Le mouvement ouvrier commence à réagir contre le Tigre. Les oppositionnels les plus actifs dans la diffusion d’une propagande sont le Comité pour la reprise des relations internationales, en particulier les syndicalistes zimmerwaldiens ainsi que le Comité de défense syndicaliste. N’oublions pas qu’il s’agit d’un milieu d’opposition qui réclame « paix sans annexions et sans indemnités », mettant sur un pied d’égalité, surtout après la révolution russe, les termes de « paix » et de « révolution ».

« Perd la Victoire » : Une Fin de Carrière Politiquement Ratée

Fin de carrière politiquement ratée du « Perd la Victoire » .

L’homme en retraite de la vie politique, fidèle à lui-même, à ses amis et ses engagements.

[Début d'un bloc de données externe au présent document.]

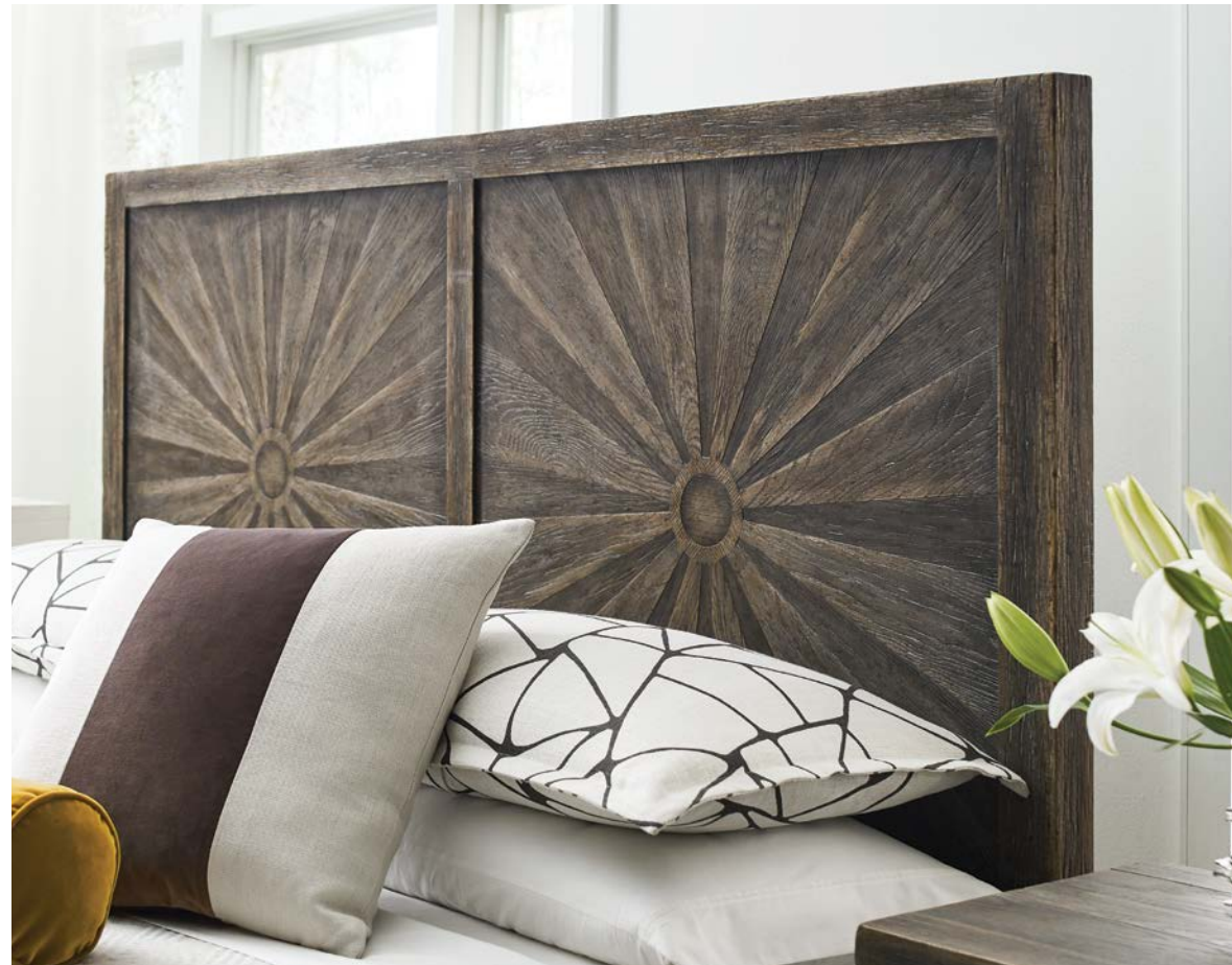
012-306R CHESWICK KING PANEL BED (headboard detail)
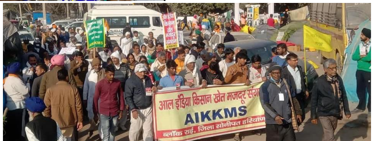
Tractor rally of AIKKMS from Sonipat to Singhu
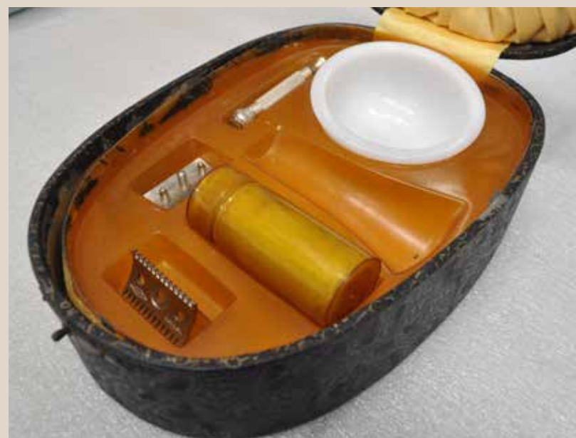
The molded plastic base of this shaving kit and the plastic canister included with the kit have yellowed over time.

Next time you are adding a plastic toy, pen or knick-knack to your box of keepsakes, remember these tips. Keep an eye out for our next edition of Adobe Trails and more information about collections work here at HAHS.
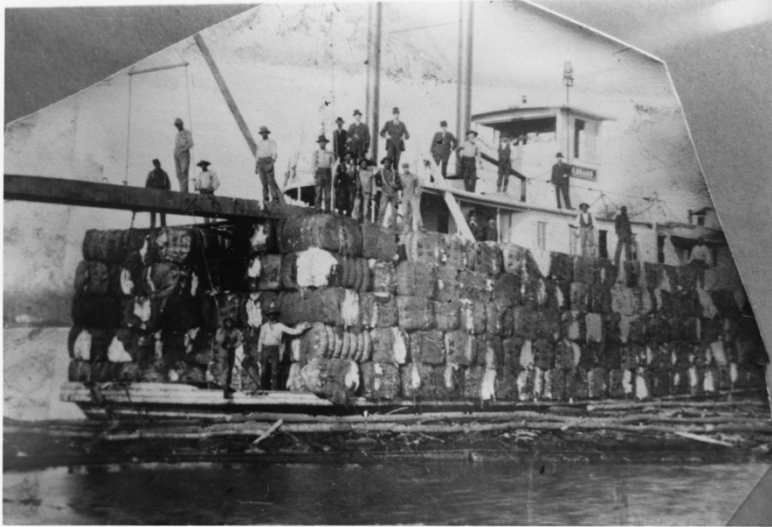
Photo 3: Cotton shipment in Jackson County, ca. 1900 (Rivers, Landings, and Riverboats Photograph Collection, ca. 1880-1927)

CENTER FOR ARKANSAS HISTORY AND CULTURE UNIVERSITY OF ARKANSAS AT LITTLE ROCK
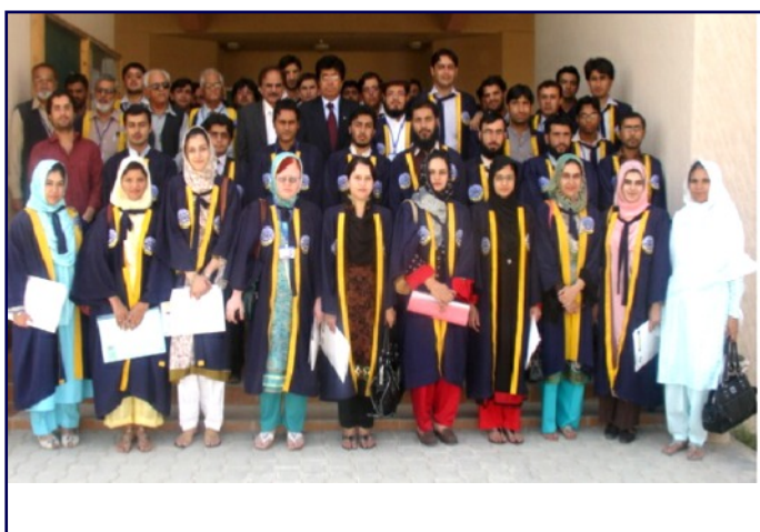
Group of new faculty members with Vice Chancellor

The Directorate of Human Resource Development organized a two week Professional Training Program from September 15 to October 05, 2011 for newly appointed Faculty Teaching Staff in the Training Hall, Takatu Campus. The training was attended by 64 teaching staff from the Faculty of Engineering, Faculty of Information & Communication Technology, Faculty of Management Sciences, Faculty of Life Sciences & Informatics and Faculty of Arts & Basic Sciences, BUIITEMS.
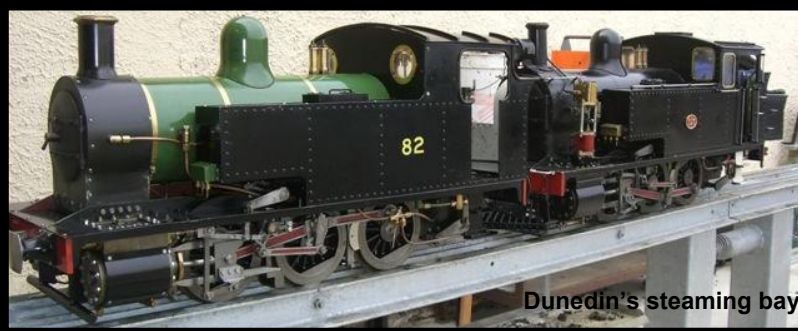
Dunedin's steaming bay
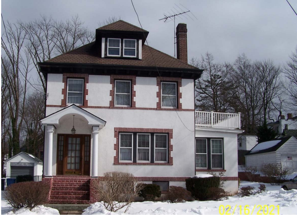
16 HALSEY STREET
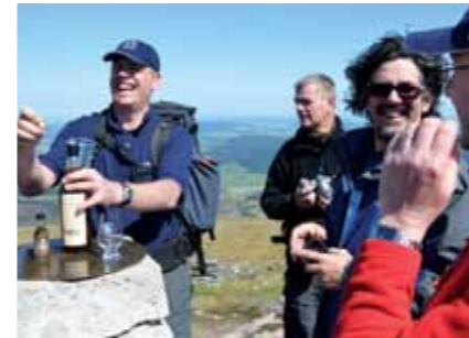
Spirit of Speyside Whisky Festival Across Moray, 29th April - 3rd May 2010
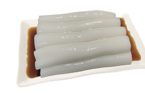
Steamed Plain Rice Noodle Rolls 香滑白腸粉 $9.80
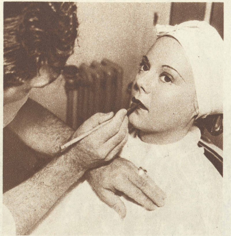
FINISHING TOUCH—Sonja Henje, the skating champion, makes up for a film test.
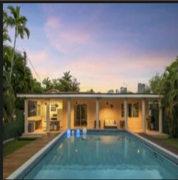
VILLA HEAT (4)
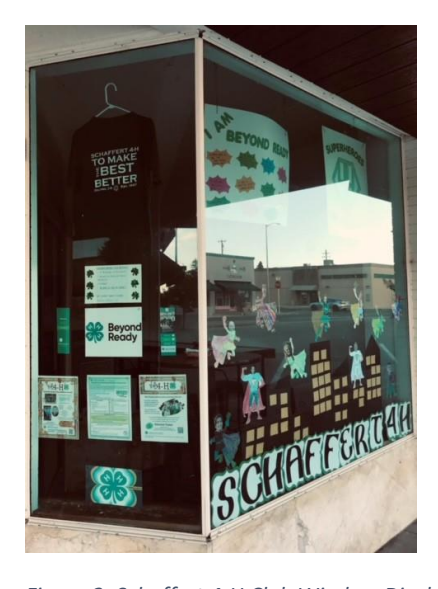
Figure 2: Schaffert 4-H Club Window Display
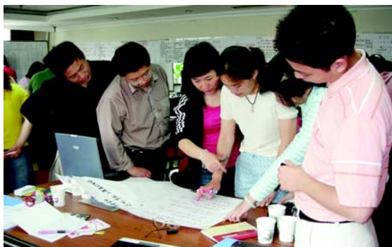
Training Program on Capacity Building to Grass Roots NGOs by CANGO

China Association for NGO Cooperation (CANGO) is a nonprofit making, voluntary, membership organization operating nationwide. CANGO was founded in 1992 and registered with the Ministry of Civil Affairs in 1993.
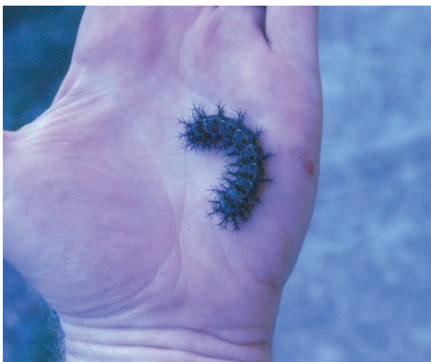
Fig. 6. Buck moth stings. Note the double row of red welts on the right-hand side corresponding to the double row of spines on the larva.

perhaps the introduced C. concinnata have been identified as primary factors threatening buck moth populations (Boettner et al. 2000, Wagner et al. 2003, Rubinoff and Sperling 2004, Hoven 2009, Elkinton and Boettner 2012). Thinning and prescribed fire to restore pine barrens to historic conditions may benefit buck moth populations in New England by improving host nutritional quality and by reducing C. concinnata parasitism (Hoven 2009).
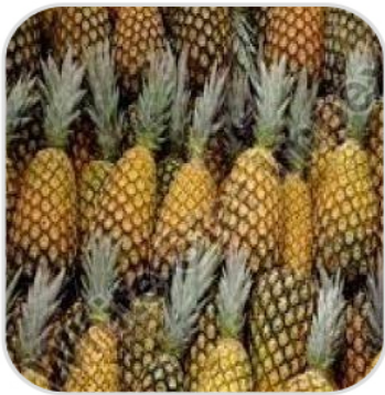
A Grade Fresh Pineapple
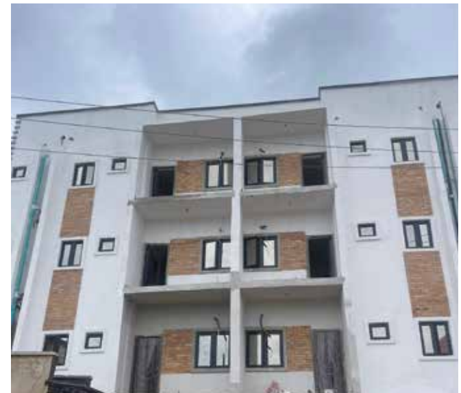
Leeds II Apartment / Sold Out
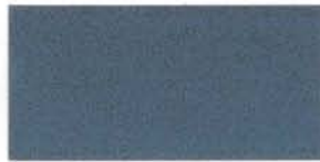
UC52061 XL Concord Blue
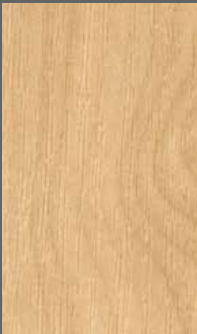
Light Beech | WSA2017 WR462 / A1M462 / LRV 43
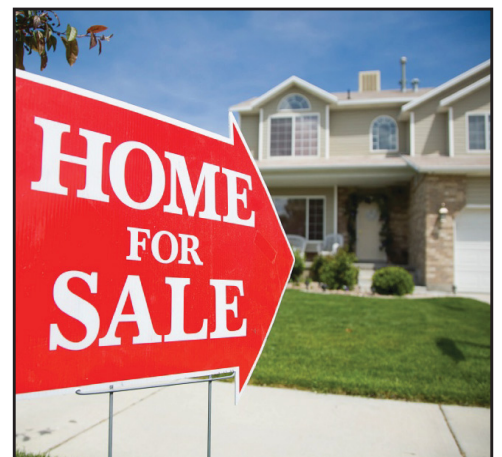
Real estate lead-in (directional) off-premises sign.
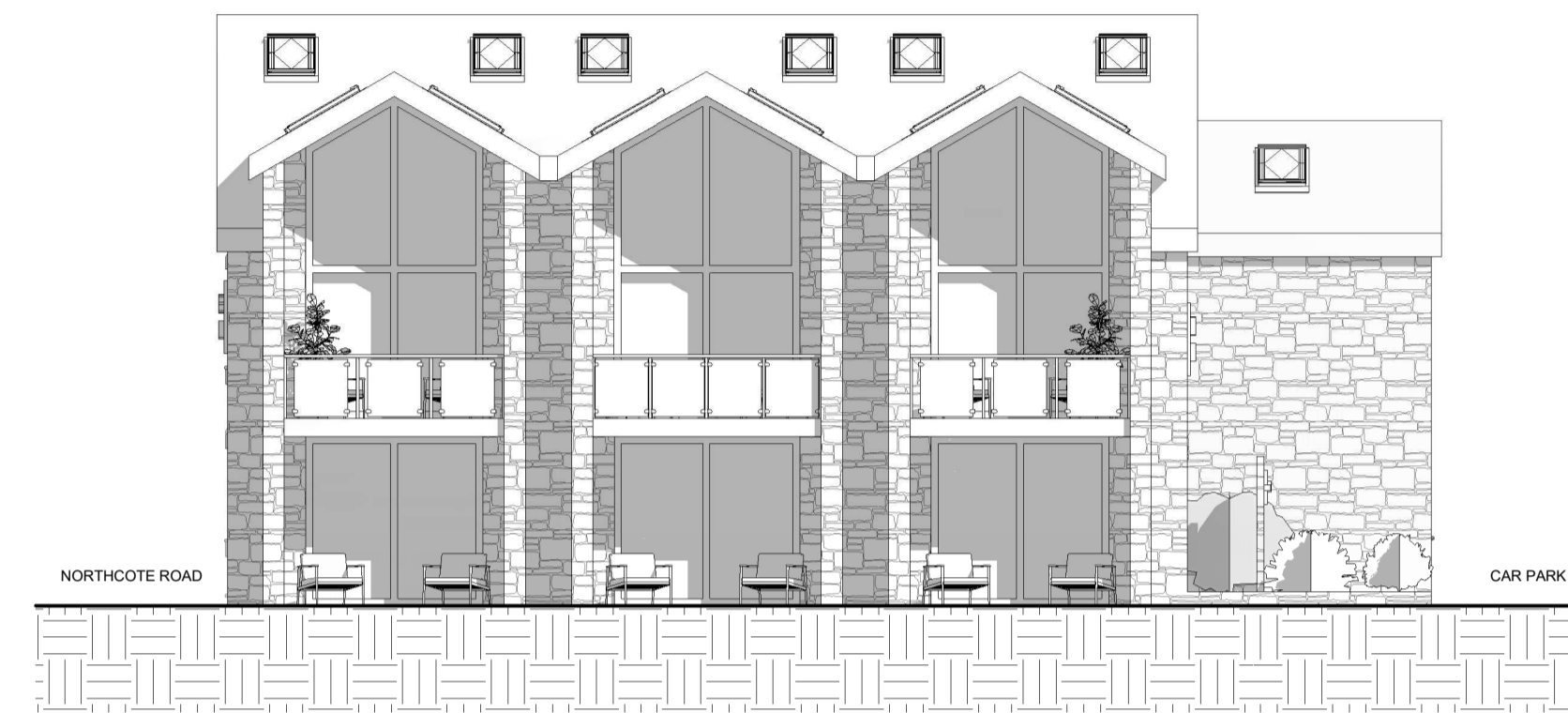
2 PROPOSED SOUTH EAST 1 : 100

Période Fonction Actions et prises de position
Début de carrière Communard Participation à la journée révolutionnaire du 4 septembre 1870, soutien à l'amnistie des communards.
Troisième République Député, « Tombeur de ministères » Opposition à la politique coloniale de Ferry, défense de la liberté d'expression.
Affaire Dreyfus Journaliste Défense de Dreyfus après avoir été convaincu de son innocence.
Première Guerre Mondiale Président du Conseil, « Père la Victoire » Chef de guerre, lutte contre le pacifisme et l'« ennemi intérieur ».
Fin de carrière Retraite de la vie politique Fidèle à ses engagements et à ses amis.